# WHAT THIS TASK INVOLVES:
Starting with the line below that holds "C. Den Gasring" and stopping after the line that holds "Local companies started", transcribe the lines exactly, leaving out all pictures.

# DATA SUPPLIED:
----

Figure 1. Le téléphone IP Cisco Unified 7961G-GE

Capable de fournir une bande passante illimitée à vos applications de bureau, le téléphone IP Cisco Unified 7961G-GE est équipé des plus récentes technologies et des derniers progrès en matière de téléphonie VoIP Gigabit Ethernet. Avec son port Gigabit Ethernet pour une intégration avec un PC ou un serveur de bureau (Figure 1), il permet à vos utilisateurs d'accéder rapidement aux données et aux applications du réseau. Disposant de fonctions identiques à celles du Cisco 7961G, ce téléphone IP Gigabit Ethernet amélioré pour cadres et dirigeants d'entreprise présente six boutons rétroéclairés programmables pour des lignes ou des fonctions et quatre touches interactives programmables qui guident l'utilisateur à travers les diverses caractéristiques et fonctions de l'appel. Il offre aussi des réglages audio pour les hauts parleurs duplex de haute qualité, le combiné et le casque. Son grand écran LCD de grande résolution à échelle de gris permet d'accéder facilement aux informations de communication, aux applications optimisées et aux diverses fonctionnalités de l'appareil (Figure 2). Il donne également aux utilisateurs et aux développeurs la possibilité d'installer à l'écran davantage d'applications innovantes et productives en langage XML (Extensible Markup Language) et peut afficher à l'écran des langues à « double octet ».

----

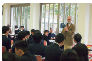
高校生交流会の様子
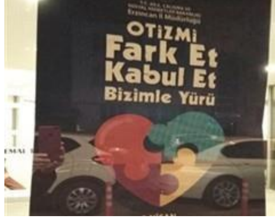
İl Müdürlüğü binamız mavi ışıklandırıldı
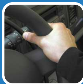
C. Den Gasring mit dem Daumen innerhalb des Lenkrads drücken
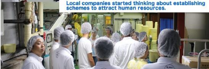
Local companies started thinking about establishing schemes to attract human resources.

----

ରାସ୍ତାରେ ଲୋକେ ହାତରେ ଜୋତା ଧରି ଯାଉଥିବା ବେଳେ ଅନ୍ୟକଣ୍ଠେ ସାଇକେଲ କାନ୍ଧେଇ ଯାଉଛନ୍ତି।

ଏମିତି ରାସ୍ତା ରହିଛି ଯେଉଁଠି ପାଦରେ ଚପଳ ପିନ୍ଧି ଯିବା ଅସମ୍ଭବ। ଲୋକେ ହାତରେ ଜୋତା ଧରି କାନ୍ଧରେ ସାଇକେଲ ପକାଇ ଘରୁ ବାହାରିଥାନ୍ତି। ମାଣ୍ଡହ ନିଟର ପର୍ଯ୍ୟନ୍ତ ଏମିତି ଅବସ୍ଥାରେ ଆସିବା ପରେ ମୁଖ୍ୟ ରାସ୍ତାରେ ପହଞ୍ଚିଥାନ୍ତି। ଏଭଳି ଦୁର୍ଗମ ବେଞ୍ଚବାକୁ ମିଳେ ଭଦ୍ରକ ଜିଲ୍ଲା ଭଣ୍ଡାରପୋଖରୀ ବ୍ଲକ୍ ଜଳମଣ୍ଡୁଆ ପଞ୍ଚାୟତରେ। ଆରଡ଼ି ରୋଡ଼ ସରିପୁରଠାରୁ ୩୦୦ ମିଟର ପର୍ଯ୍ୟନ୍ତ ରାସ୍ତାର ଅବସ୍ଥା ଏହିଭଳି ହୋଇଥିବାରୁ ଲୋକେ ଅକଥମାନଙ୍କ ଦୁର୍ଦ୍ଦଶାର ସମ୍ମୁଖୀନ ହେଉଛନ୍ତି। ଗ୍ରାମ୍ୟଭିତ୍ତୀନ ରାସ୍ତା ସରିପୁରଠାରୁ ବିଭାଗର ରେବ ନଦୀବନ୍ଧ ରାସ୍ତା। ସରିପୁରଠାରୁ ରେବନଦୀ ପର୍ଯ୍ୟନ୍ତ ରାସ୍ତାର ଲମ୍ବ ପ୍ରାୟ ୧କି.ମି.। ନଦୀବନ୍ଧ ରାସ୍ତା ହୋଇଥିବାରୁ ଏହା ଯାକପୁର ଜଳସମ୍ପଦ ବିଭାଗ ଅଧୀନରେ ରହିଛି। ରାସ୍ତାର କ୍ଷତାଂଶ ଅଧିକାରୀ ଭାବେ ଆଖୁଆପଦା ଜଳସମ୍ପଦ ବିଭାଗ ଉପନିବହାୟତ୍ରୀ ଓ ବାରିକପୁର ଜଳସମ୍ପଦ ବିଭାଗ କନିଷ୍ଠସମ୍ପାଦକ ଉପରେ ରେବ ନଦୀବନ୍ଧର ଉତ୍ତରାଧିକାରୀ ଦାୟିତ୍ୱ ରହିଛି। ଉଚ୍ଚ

----

# SOLUTION FOR THIS EXERCISE:
C. Den Gasring mit dem Daumen innerhalb des Lenkrads drücken
Local companies started thinking about establishing schemes to attract human resources.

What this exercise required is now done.